Commanders and leaders
- Alexander Hood †: Louis Lhéritier

Strength
- 1 ship of the line: 1 ship of the line

Casualties and losses
- 22 killed 60 wounded 8 missing: 290 killed or wounded 1 ship of the line captured

= Battle of the Raz de Sein =

1798 battle of the French Revolutionary Wars

The Battle of the Raz de Sein was a single-ship naval engagement of the blockade of Brest during the French Revolutionary Wars between a French and Royal Navy ships of the line on 21 April 1798. The British blockade fleet under Admiral Lord Bridport had sailed from St Helens on 12 April and on the morning of 21 April was crossing the Iroise Passage when sails were spotted to the east. Three ships were detached in pursuit, led by the 74-gun ship of the line HMS Mars under Captain Alexander Hood. As the British ships approached their quarry a third sail was sighted to the southeast close to the coastline and moving north towards Brest.
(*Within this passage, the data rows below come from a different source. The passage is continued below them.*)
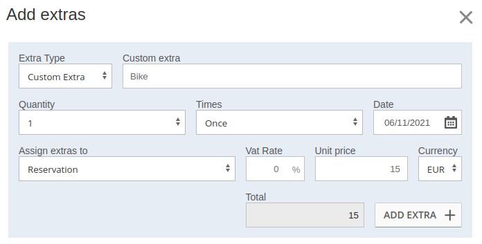 Si vous avez déjà créé la réservation, vous pouvez toujours accéder aux détails et ajouter un ou plusieurs extras à tout moment. Encore une fois, vous pouvez choisir parmi les extras déjà créés dans le ZaK ou en créer un nouveau :
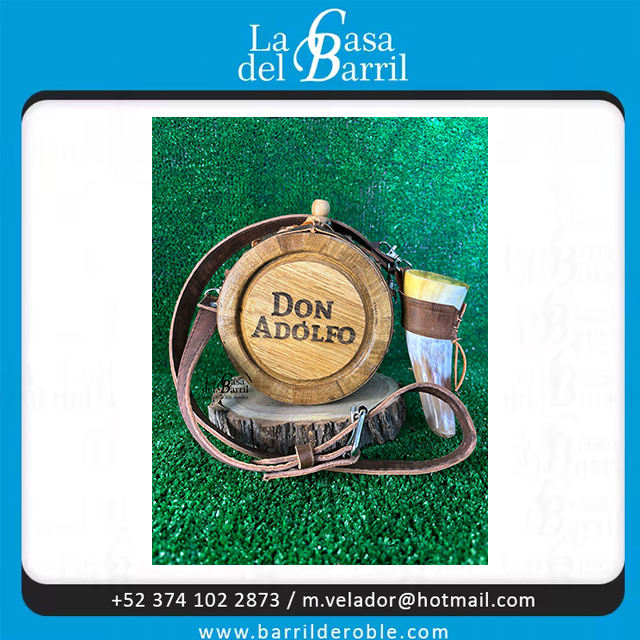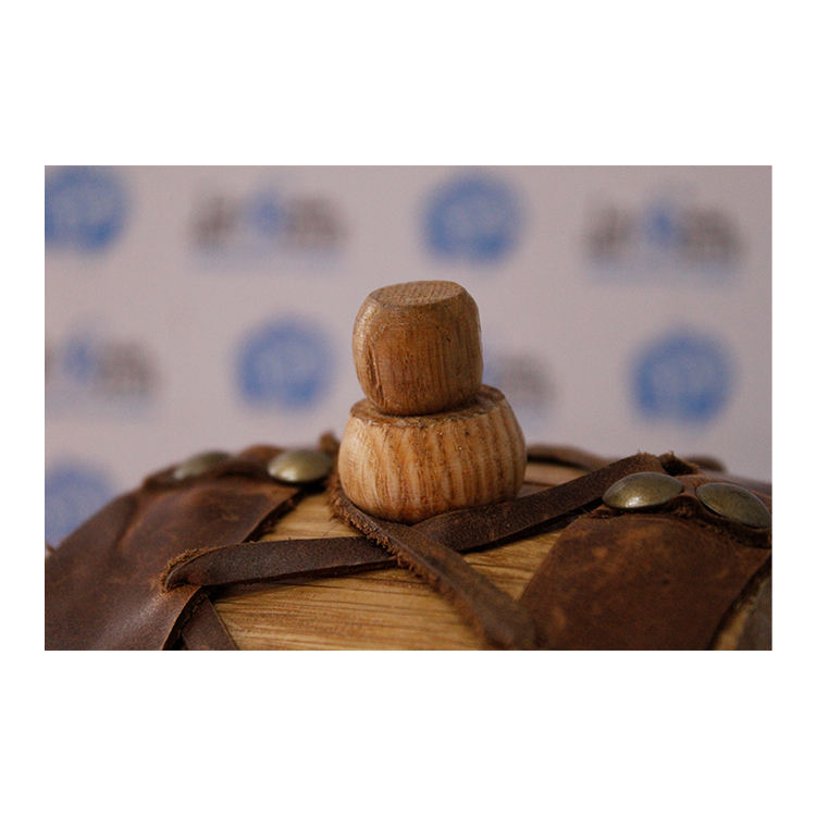 Elegant Handmade Brown Oak Wooden Amphora Wine Beer Barrel Durable Leather Lining 1L Capacity for Storing Serving Beverages La
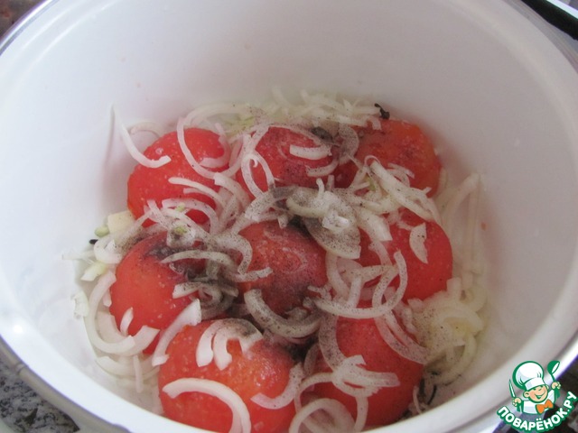 Штук двенадцать помидор избавьте от жопок, ошпарьте бедолаг кипятком, с живодёрским наслаждением сдерите с них кожу и разрежьте пополам. ))) Половину выложите плотным слоем на масло срезом вниз, присыпьте солью, нарезанной полукольцами луковицей, чёрным перчиком и гвоздикой.
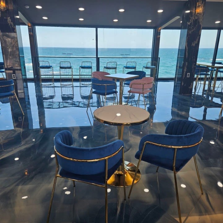 바다 위를 걷는듯한 바닥 인테리어가 시선을 사로잡는 오션 뷰 카페
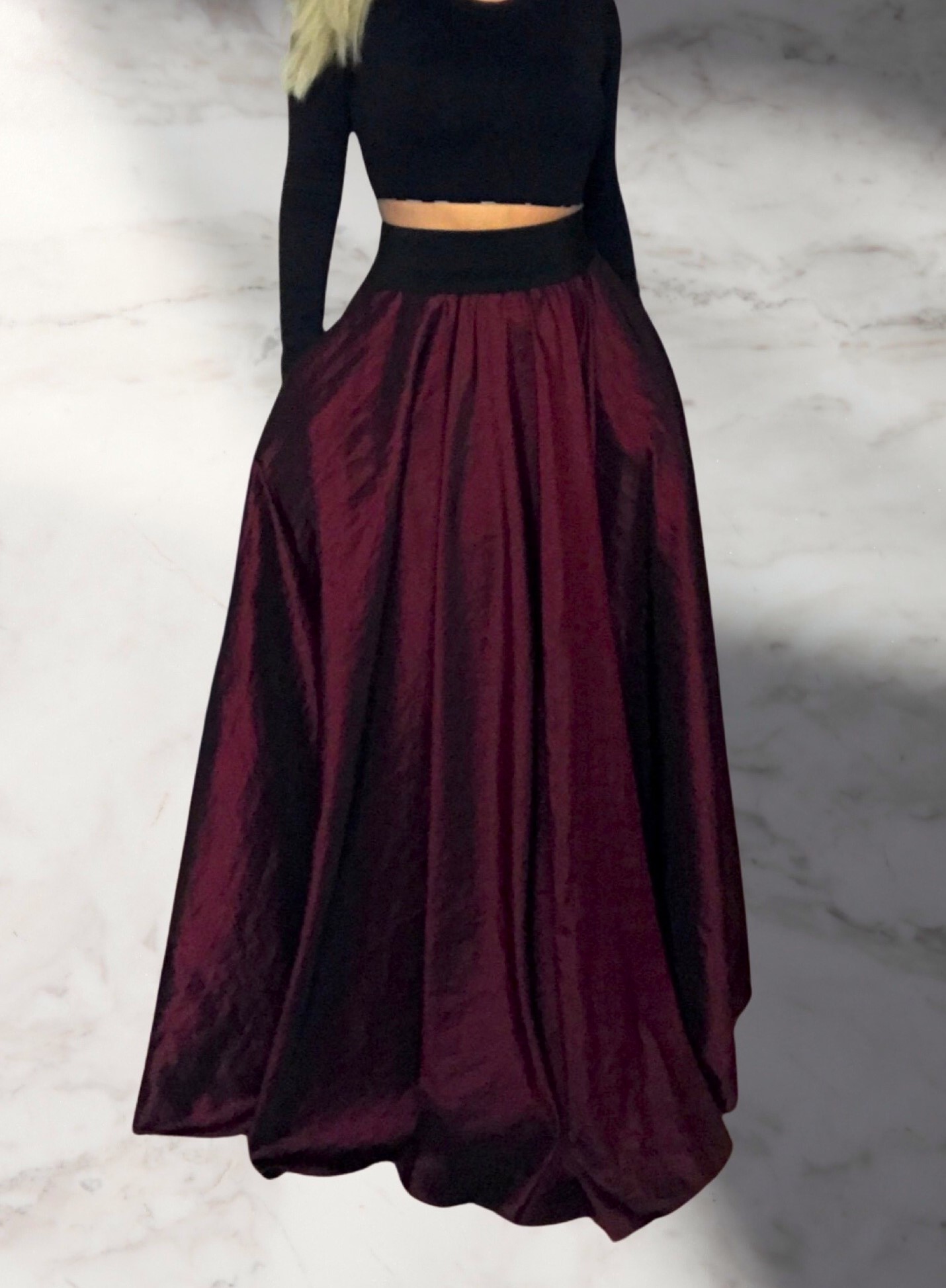 LUXUSNÍ DLOUHÁ SUKNĚ velkého objemu, plnokolová, bohatá a opravdu krásná v krásné elegantní vínové barvě. OPRAVDU JEDINEČNÝ KOUSEK s mírným leskem.  Jedná se o taft (laicky vzhledu společenského šusťáku - tradiční na plesové šaty a sukně). Vhodná jak do společnosti, pro trochu odvážnější z vás... celý popis
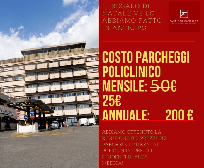 E’ servito un lungo lavoro e tanto impegno, un analisi ed una raccolta dati che desse fondamento alle richieste degli studenti, ma alla fine è fatta! Il prezzo dei parcheggi interni al Policlinico è stato dimezzato!

This ship was the 74-gun Hercule under Ship-of-the-line Captain Louis Lhéritier, newly commissioned at Lorient and sailing to Brest to join the main French fleet and the British squadron immediately changed direction to intercept the new target. Facing overwhelming odds Lhéritier attempted to escape through the narrow Raz de Sein passage, but found the tide against him and so anchored at the mouth of the passage to await the British attack. At 21:15 Mars reached Hercule, coming under heavy fire as Hood manoeuvred into position, bringing his ship crashing alongside the French vessel. For more than an hour the ships fired directly into one another, so close that their guns could not be run out but had to be fired from inside the ships. Damage and casualties were severe on both sides, the latter including Hood who was mortally wounded at the height of the engagement.

Ultimately Hercule was forced to surrender after attempts to board Mars failed. Both ships were battered and burnt, with the French suffering at least 290 casualties and the British 90. Hercule was conveyed to Britain in the aftermath and later repaired and served in the Royal Navy until 1810. Both Lhéritier and the deceased Hood were highly praised for their conduct during the battle, which is noted as being a very rare example during this period of an action between two ships of approximately equal strength without any external influence.

==Background==
During the French Revolutionary Wars the Royal Navy had exerted dominance at sea over its continental rivals, most immediately the French Navy with its principal fleet based at Brest on the Breton coast of the Bay of Biscay. To contain this fleet the British practiced a close blockade strategy; maintaining a fleet off Brest whenever weather conditions permitted to prevent the French fleet from breaking out into the Atlantic Ocean. This blockade force also limited French trade and maritime communications, attacking merchant ships and individual warships seeking to resupply or reinforce the main French fleet. This made French maritime journeys extremely hazardous even in inshore waters: in June 1795 the main French fleet had suffered a defeat at the hands of the blockade force at the Battle of Groix in the approaches to the port of Lorient, while at the action of 13 January 1797 the independently sailing 74-gun ship of the line Droits de l'Homme was driven ashore and destroyed in the approaches to Brest by two frigates of the blockade squadron.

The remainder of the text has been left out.